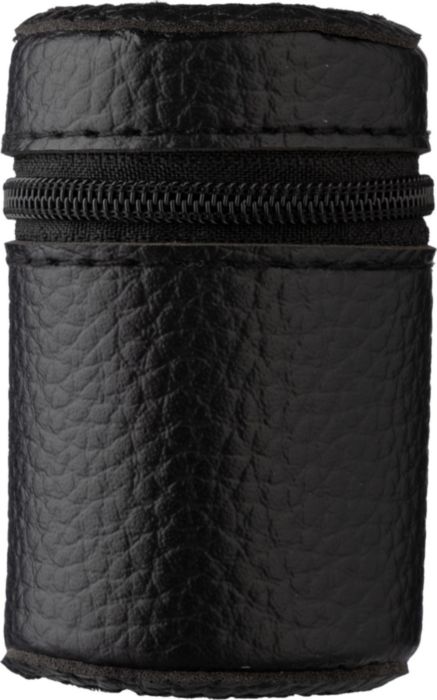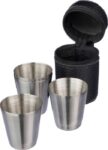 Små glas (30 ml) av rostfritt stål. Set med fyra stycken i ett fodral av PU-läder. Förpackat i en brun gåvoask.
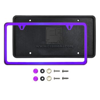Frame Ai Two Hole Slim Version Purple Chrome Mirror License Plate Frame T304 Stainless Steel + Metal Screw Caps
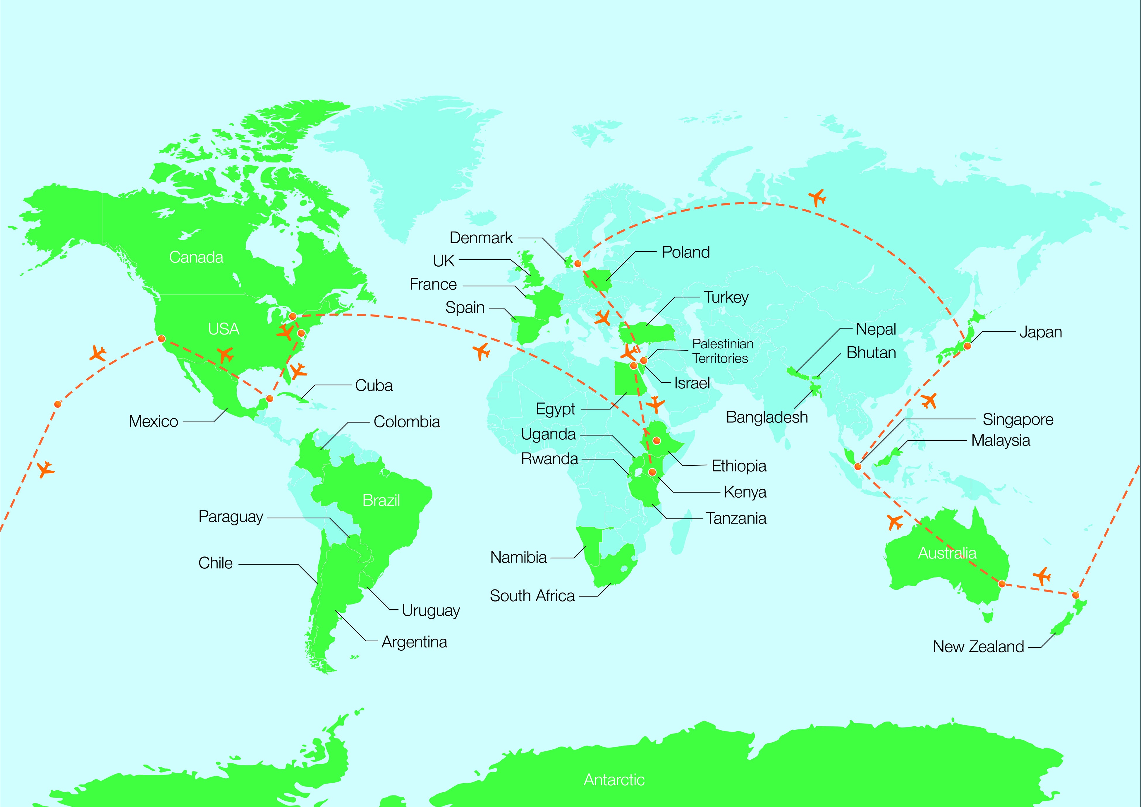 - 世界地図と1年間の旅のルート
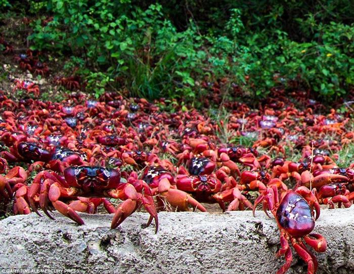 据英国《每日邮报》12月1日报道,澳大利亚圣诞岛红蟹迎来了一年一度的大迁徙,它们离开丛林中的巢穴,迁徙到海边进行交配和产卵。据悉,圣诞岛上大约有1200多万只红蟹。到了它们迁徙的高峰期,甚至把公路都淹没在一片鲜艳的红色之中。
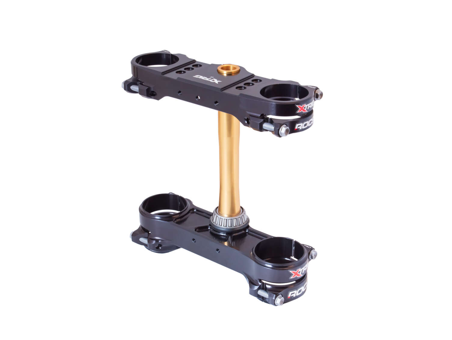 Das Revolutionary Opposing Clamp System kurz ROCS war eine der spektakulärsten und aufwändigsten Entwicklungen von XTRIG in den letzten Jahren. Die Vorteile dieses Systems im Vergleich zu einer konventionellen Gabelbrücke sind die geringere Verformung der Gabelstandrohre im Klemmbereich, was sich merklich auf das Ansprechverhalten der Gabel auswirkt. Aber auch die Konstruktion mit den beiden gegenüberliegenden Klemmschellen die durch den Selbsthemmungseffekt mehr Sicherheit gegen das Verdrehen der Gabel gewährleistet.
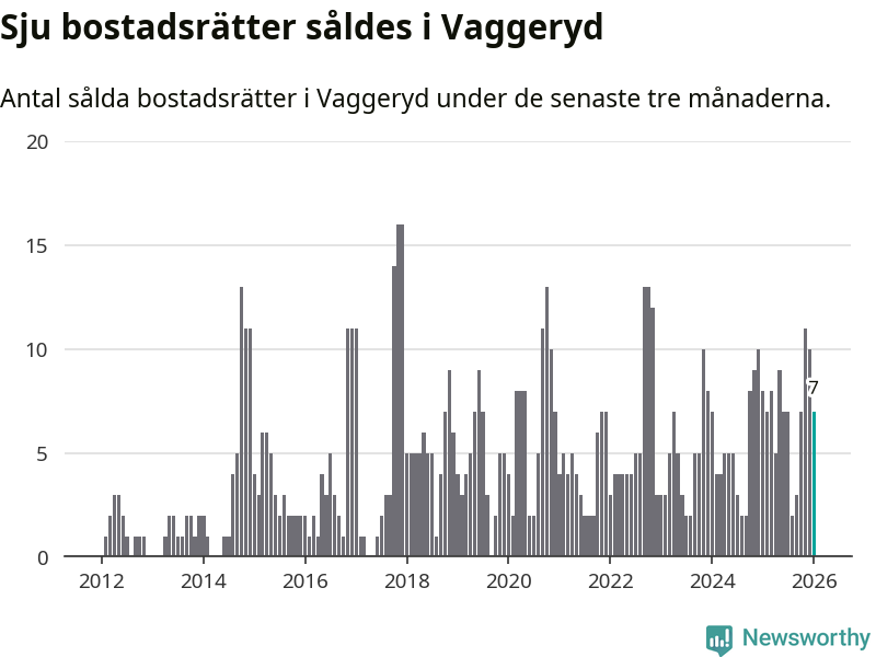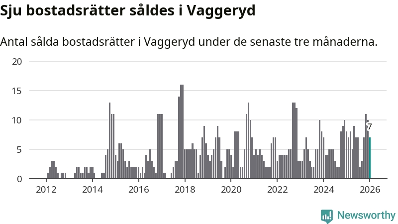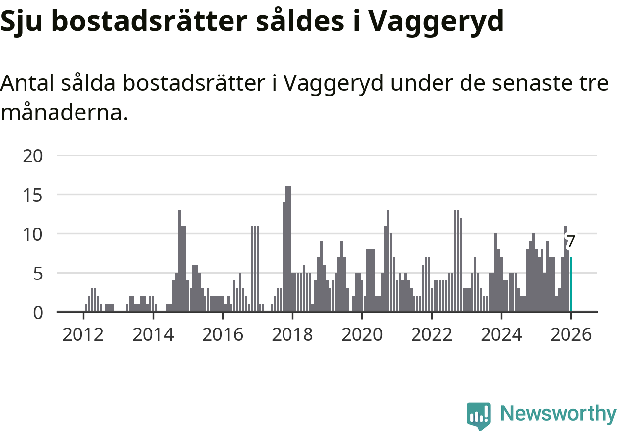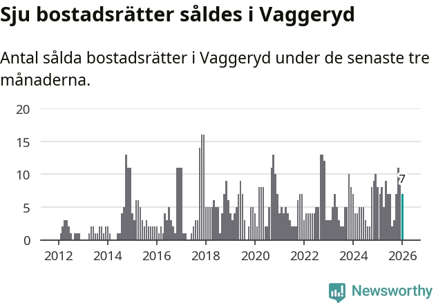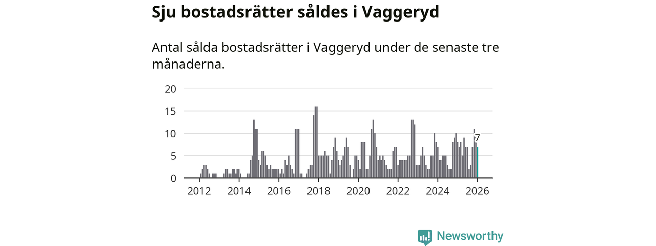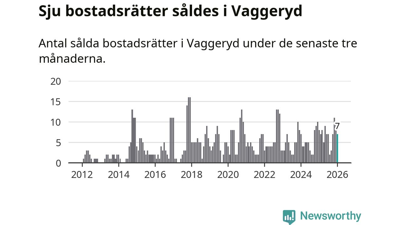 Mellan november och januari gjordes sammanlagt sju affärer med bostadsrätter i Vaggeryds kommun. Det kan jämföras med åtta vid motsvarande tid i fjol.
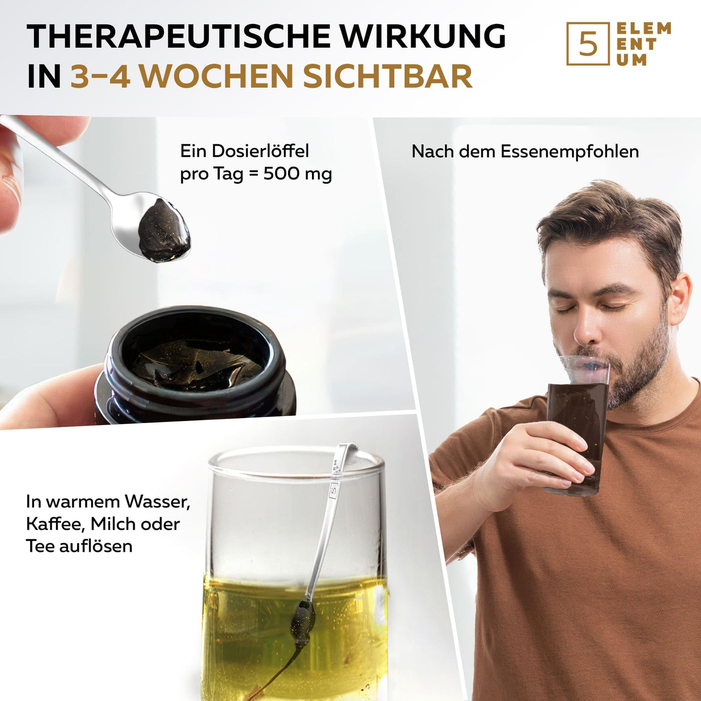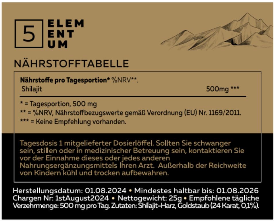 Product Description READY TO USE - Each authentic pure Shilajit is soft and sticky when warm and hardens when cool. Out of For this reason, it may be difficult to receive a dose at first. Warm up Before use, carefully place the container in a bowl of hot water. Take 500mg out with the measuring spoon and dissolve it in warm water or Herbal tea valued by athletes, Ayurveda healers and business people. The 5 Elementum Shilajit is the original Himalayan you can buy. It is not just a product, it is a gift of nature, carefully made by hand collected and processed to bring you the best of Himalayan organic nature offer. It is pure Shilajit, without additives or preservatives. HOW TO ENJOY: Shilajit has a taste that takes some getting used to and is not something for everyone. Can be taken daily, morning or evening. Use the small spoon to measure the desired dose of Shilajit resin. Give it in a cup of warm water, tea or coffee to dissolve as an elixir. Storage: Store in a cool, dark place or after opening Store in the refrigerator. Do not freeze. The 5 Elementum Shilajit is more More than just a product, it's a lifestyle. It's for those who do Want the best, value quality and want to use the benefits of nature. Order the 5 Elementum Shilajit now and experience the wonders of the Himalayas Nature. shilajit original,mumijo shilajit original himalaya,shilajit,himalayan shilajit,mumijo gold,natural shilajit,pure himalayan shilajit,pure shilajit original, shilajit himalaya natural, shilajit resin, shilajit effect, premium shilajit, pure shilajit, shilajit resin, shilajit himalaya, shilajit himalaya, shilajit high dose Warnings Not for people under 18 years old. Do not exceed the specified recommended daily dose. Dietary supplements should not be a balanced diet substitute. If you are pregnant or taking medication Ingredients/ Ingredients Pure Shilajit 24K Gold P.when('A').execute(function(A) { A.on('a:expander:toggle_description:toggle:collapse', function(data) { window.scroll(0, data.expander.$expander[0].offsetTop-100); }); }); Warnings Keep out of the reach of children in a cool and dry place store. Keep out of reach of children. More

##########

# [EXERCISE GOAL]
Please retype the records above exactly, leaving every image out.

# [RESULT FOR THIS TASK]
 Små glas (30 ml) av rostfritt stål. Set med fyra stycken i ett fodral av PU-läder. Förpackat i en brun gåvoask.
Frame Ai Two Hole Slim Version Purple Chrome Mirror License Plate Frame T304 Stainless Steel + Metal Screw Caps
 - 世界地図と1年間の旅のルート
 据英国《每日邮报》12月1日报道,澳大利亚圣诞岛红蟹迎来了一年一度的大迁徙,它们离开丛林中的巢穴,迁徙到海边进行交配和产卵。据悉,圣诞岛上大约有1200多万只红蟹。到了它们迁徙的高峰期,甚至把公路都淹没在一片鲜艳的红色之中。
 Das Revolutionary Opposing Clamp System kurz ROCS war eine der spektakulärsten und aufwändigsten Entwicklungen von XTRIG in den letzten Jahren. Die Vorteile dieses Systems im Vergleich zu einer konventionellen Gabelbrücke sind die geringere Verformung der Gabelstandrohre im Klemmbereich, was sich merklich auf das Ansprechverhalten der Gabel auswirkt. Aber auch die Konstruktion mit den beiden gegenüberliegenden Klemmschellen die durch den Selbsthemmungseffekt mehr Sicherheit gegen das Verdrehen der Gabel gewährleistet.
 Mellan november och januari gjordes sammanlagt sju affärer med bostadsrätter i Vaggeryds kommun. Det kan jämföras med åtta vid motsvarande tid i fjol.
 Product Description READY TO USE - Each authentic pure Shilajit is soft and sticky when warm and hardens when cool. Out of For this reason, it may be difficult to receive a dose at first. Warm up Before use, carefully place the container in a bowl of hot water. Take 500mg out with the measuring spoon and dissolve it in warm water or Herbal tea valued by athletes, Ayurveda healers and business people. The 5 Elementum Shilajit is the original Himalayan you can buy. It is not just a product, it is a gift of nature, carefully made by hand collected and processed to bring you the best of Himalayan organic nature offer. It is pure Shilajit, without additives or preservatives. HOW TO ENJOY: Shilajit has a taste that takes some getting used to and is not something for everyone. Can be taken daily, morning or evening. Use the small spoon to measure the desired dose of Shilajit resin. Give it in a cup of warm water, tea or coffee to dissolve as an elixir. Storage: Store in a cool, dark place or after opening Store in the refrigerator. Do not freeze. The 5 Elementum Shilajit is more More than just a product, it's a lifestyle. It's for those who do Want the best, value quality and want to use the benefits of nature. Order the 5 Elementum Shilajit now and experience the wonders of the Himalayas Nature. shilajit original,mumijo shilajit original himalaya,shilajit,himalayan shilajit,mumijo gold,natural shilajit,pure himalayan shilajit,pure shilajit original, shilajit himalaya natural, shilajit resin, shilajit effect, premium shilajit, pure shilajit, shilajit resin, shilajit himalaya, shilajit himalaya, shilajit high dose Warnings Not for people under 18 years old. Do not exceed the specified recommended daily dose. Dietary supplements should not be a balanced diet substitute. If you are pregnant or taking medication Ingredients/ Ingredients Pure Shilajit 24K Gold P.when('A').execute(function(A) { A.on('a:expander:toggle_description:toggle:collapse', function(data) { window.scroll(0, data.expander.$expander[0].offsetTop-100); }); }); Warnings Keep out of the reach of children in a cool and dry place store. Keep out of reach of children. More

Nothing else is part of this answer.